[[ RECORDED INFORMATION open ]]
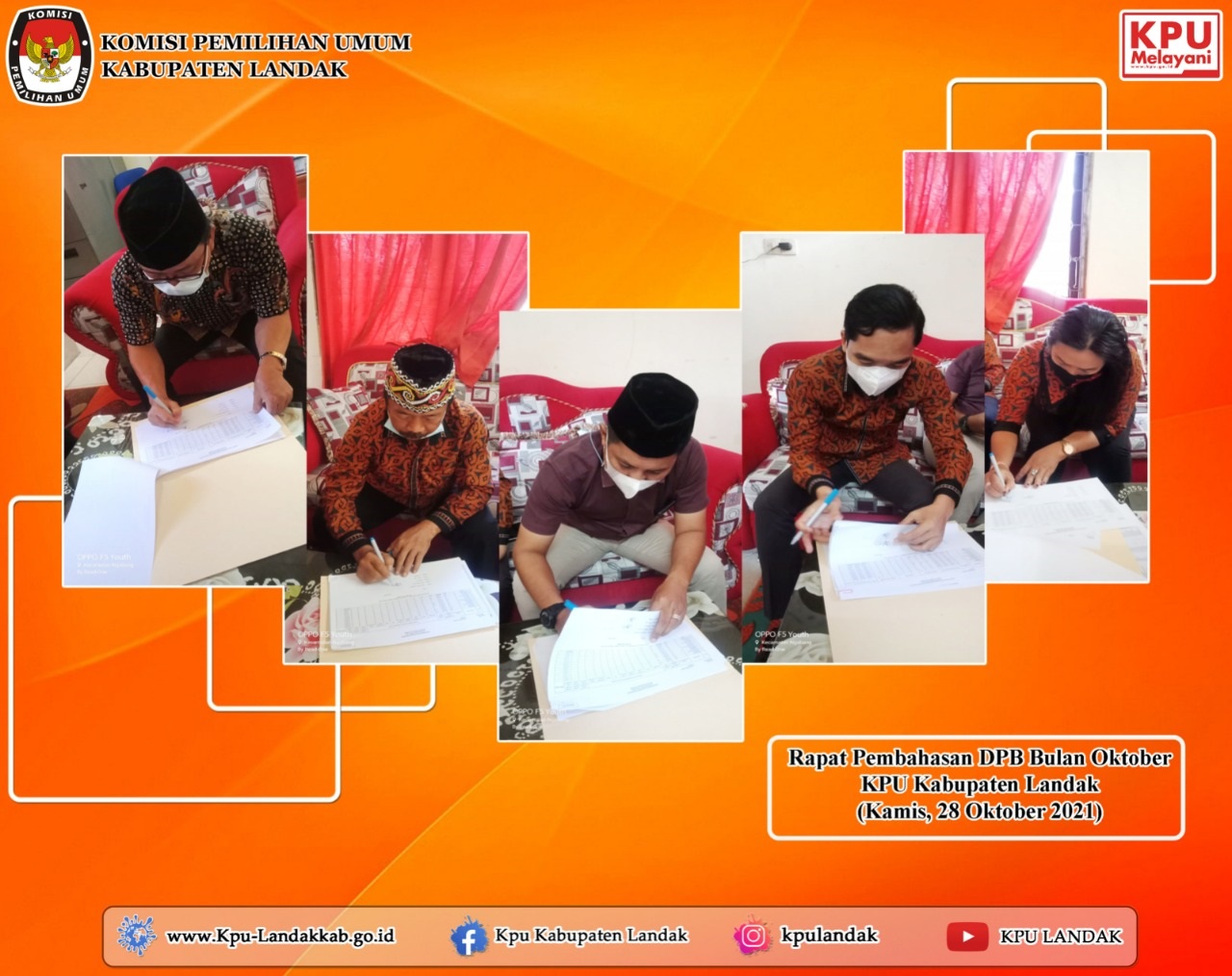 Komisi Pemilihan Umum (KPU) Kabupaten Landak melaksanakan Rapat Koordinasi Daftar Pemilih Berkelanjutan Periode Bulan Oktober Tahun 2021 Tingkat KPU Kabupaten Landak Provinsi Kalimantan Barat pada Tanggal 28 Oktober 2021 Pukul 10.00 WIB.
[[ RECORDED INFORMATION closed ]]
[[ RECORDED INFORMATION open ]]
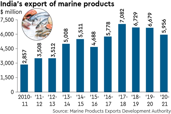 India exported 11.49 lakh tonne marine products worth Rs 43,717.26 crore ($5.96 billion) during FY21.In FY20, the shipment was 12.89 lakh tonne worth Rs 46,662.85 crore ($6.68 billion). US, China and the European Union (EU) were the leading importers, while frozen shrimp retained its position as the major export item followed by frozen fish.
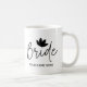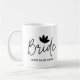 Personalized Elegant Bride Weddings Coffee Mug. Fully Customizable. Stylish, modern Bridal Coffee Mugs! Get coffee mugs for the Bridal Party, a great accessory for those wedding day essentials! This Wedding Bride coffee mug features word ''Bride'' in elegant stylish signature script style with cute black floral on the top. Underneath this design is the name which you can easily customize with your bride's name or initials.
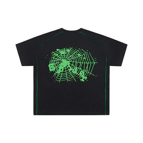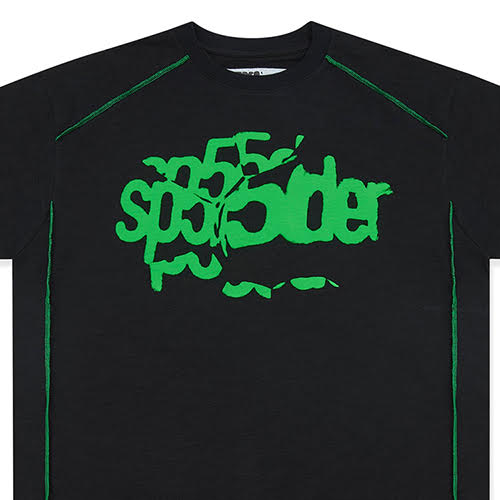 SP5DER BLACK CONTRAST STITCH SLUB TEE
[[ RECORDED INFORMATION closed ]]
[[ RECORDED INFORMATION open ]]
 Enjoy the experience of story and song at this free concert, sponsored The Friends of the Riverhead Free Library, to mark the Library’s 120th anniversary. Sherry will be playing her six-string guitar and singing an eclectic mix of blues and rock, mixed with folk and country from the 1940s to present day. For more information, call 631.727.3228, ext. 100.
[[ RECORDED INFORMATION closed ]]
• _WHAT IS NEEDED_: Leave out the images and write out the lines above exactly, from the one with "Personalized Elegant Bride" up to and including the one with "SP5DER BLACK CONTRAST STITCH SLUB TEE".

• _SOLUTION TO THIS EXERCISE_:
 Personalized Elegant Bride Weddings Coffee Mug. Fully Customizable. Stylish, modern Bridal Coffee Mugs! Get coffee mugs for the Bridal Party, a great accessory for those wedding day essentials! This Wedding Bride coffee mug features word ''Bride'' in elegant stylish signature script style with cute black floral on the top. Underneath this design is the name which you can easily customize with your bride's name or initials.
 SP5DER BLACK CONTRAST STITCH SLUB TEE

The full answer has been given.